Thursday, 11 November 2010

In the Hairdressers

Dear Micks,

I am currently in the hairdressers having my hair blonded and cut. Unfortunately, it's a bit of a repair job after I had my attacked in Taunton by untrained Levellers armed with industrial dye and sheep-shears. Boys, never have your hair done in Somerset. If there's only one piece of advice in life you heed please let it be this.

I am SO happy to hear from Charlie G that you are reading and enjoying the blog. Phew! You'll be pleased to know the naughty calendars are on their way to you as I type this 'ere installment. I have sent two parcels addressed to the Two Company commander. Please can you make sure they are distributed throughout the companies as I understand they need cheering up, too. The calendar is laughable in itself but what I'm sure the other companies will fund utterly hilarious is that you organised such a minger as the pin-up. I mean I'm hardly on the level of Nuts or FHM, am I?! Having said that Pirelli have been in touch and want me to be June for their 2012 calendar but I said, 'NO! Bugger off Pirelli - I don't take my clothes off for tyre companies, I only take my kit off for soldiers, OK?!'

So, what news in my life? I have been acting abhorrently, drinking too much as usual and am off to interview the British Olympic Women's volleyball hopefuls next week for The Field. Pretty normal stuff. I will post pictures, naturally :-) Last month I did a gig at the Groucho Club which wasn't my best. I did a last minute double-act with Rich Fulcher from the Mighty Boosh. We basically just did a few willy jokes and held up pictures of penii that looked like famous people. It was cutting-edge satire. I'm so proud of myself. Tomorrow evening I am opening a shooting lodge (check how I roll). I will do 10 minutes of stand-up as my alter-ego Henrietta Arden-Bibby - I hope the audience aren't appalled at the blue material. I'm known on the circuit at the Posh Roy Chubby Brown of comedy. It's important to scale cerebral heights with art, don't you think?

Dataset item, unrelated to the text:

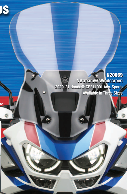
N20069 VStream® Windscreen 2020-21 Honda® CRF1100L Adv. Sports Available in Three Sizes

National Cycle 3-Year Warranty Our exclusive 3-Year Warranty covers all polycarbonate windcreens and windshields against breakage.

Did I tell you I met the Wurzels the other day? I was invited back stage with my pen-friend, the Royal Marine, High Tower. They then dedicated a song to us in front of thousand of people. It was epic! I don't think life will ever be the same again. The Wurzels said they'd be delighted to be part of a gala entertainment night for when you return from Afghanistan. Please let me know a date over the summer so we can arrange this.

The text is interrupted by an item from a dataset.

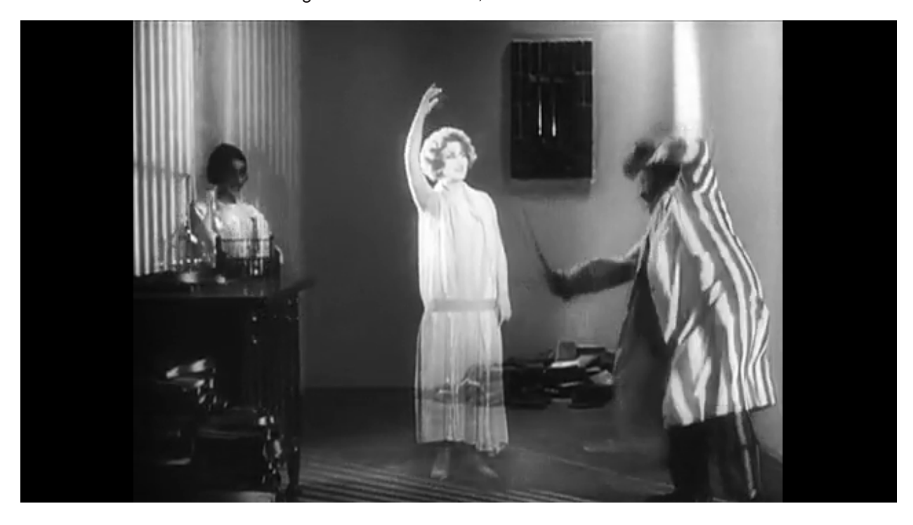
Fig. 4 – Martin stabs wife, Secrets of a Soul

What else? I made cider the other weekend in Somerset with a Colonel in the Marines. The only people I seem to mix with are in the military nowadays. Who'd have thought my little column in The Field could lead to this?! I have picked a few pounds of sloes so gin making is my next alcoholic assignment.

My main bit of news, aside from being a new presenter on www.fieldsportschannel.tv - ooh, get me - is that I am off to Argentina for three weeks. I promise to send you some postcards! I will be back in time for Christmas to show off my tan and generally get up everyone's noses. When is winter in Afghanistan? Will you come back bronzed or frost bitten in April? I know the winters are brutal over there. Recently, the Marine did a talk for the Watchet Sea-Cubs which I attended (yes, life is a roller-coaster). Anyway, I learnt a lot from his power point presentation which was very engaging until he put up the infant mortality graphs and figures. Although they were shocking statistics that woke everyone up to the terrible poverty in Afghanistan - a graph always has a rather soporific effect on teenager and adult alike. Anyway, I feel I know a lot more about the problems you face, the Afghan people and the environment. Not in that I can be remotely helpful to you in anyway - sorry about that.

Today is Armistice Day. May I wish you all well. I thought of you all during the two minutes silence. On Saturday I am attending the Royal British Legion Festival of Remembrance at the Albert Hall. I will tell you all about it next week.

Take care and stay safe - that's an order!

Right, just off to have my foils taken off and have a toner put on. I sound like a photocopier!